April 14, 2009 at 12:44 pm
Todd, the problem with it is that a human being has to go through, row by row, and identify what format each name has, then record that somewhere so that the function can be run.
It would almost certainly be cheaper to hire a bunch of temps and set them up at data-entry stations.
Run the list through a simple algorithm that can spot all the obvious names, but make sure it doesn't treat "Dr. Jones" as first name = "Dr.", or anything like that. Then take all the exceptions and give them to the data-entry temps and have them blast through it.
Otherwise, it's going to be someone going through and having to go, "'Col. John W Smith, PhD', let's see, what format is that? Oh heck, we don't have a template for that one. Joe, gotta build a template for someone with a rank, a three-part-name, and a suffix." for each name format.
Even human entry will run into issues with unfamiliar names. Any American should be able to handle "Col. John W Smith, PhD", but how many will be able to figure out "Padma Vibhushan Subrahmanyan Chandrasekhar"? (That's a real name, by the way.) How about "Chan Kong Sang"? How many would realize that "Chan" is the "last name" (family name)? (That's Jackie Chan's birth-name. Chan being first is pretty standard in that part of the world.)
With names like that, how can you possibly expect an algorithm to get it right?

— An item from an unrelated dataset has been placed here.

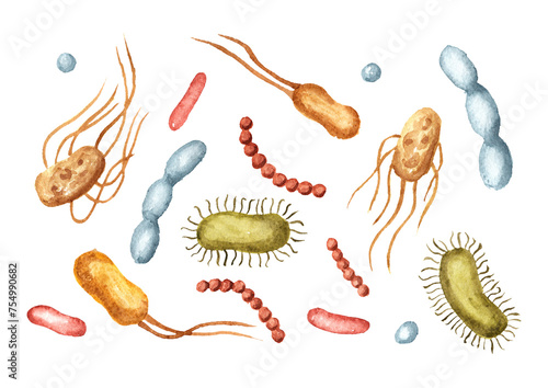 Beneficial prebiotic bacteria set. Watercolor hand drawn illustration, isolated on white background

So, somebody came up with an algorith that requires that a person tell the computer which piece of the string is which name. That's what that function does. You have to tell it "f f F L" on the Indian name I used as an example, or whatever the proper sequence of codes is for "not really his first name, not the first name he goes by, first name he goes by, family name".
By the time you've figured that out by eyeballing it, you may as well have typed the thing in yourself. Overall, it'll save time.
That's why I call that function a toy. It was, I'm sure, fun to build. It shows off some useful features of SQL. But in the real world, the purpose of software is to do things that people can't do themselves more efficiently, since that's the sole and only purpose of tools.
Would we have knives if we had fingernails that could cut things the way knives do? Nope. Would we have calculators if people could do 10-digit multiplication, etc., in their heads? Nope.
So why have a software function that requires so much hand-holding that it's just as easy, if not easier, to just do it yourself? No practical reason at all. That means it's not a tool. If it's not a tool, that makes it a toy.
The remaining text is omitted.